Brief » Among the entries below, only the lines starting at the one with "② 1km당 순이익은 이익과 유가보조금환급액 환급액을 합한 값입니다." and ending at the one with "Despite the family’s", both included, are to be printed exactly.

Dataset records »
-=-=-=-=-
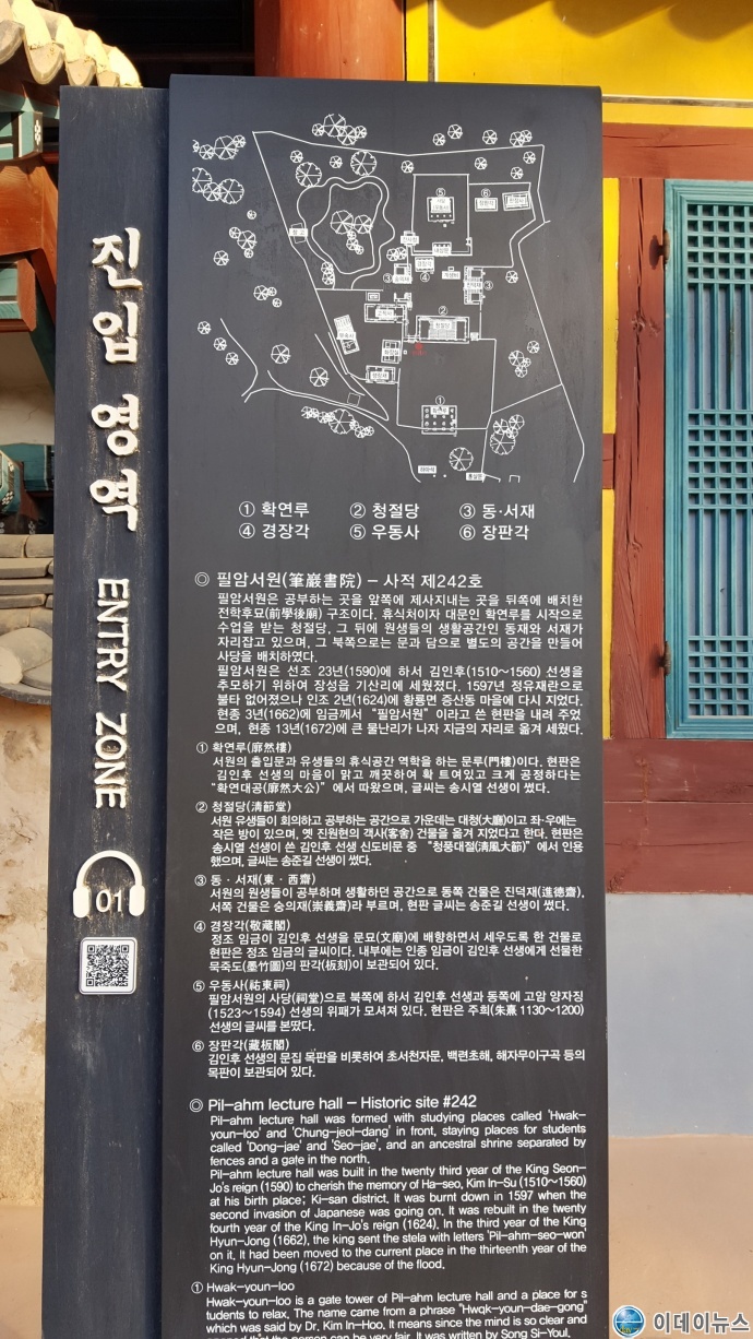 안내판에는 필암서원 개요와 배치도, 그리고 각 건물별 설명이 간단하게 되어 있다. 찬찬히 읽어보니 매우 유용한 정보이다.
-=-=-=-=-
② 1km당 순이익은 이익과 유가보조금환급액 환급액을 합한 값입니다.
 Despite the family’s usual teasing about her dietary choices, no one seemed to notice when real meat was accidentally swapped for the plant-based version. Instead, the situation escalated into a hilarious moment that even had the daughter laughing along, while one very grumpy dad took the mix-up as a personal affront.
-=-=-=-=-
Task result »
② 1km당 순이익은 이익과 유가보조금환급액 환급액을 합한 값입니다.
 Despite the family’s usual teasing about her dietary choices, no one seemed to notice when real meat was accidentally swapped for the plant-based version. Instead, the situation escalated into a hilarious moment that even had the daughter laughing along, while one very grumpy dad took the mix-up as a personal affront.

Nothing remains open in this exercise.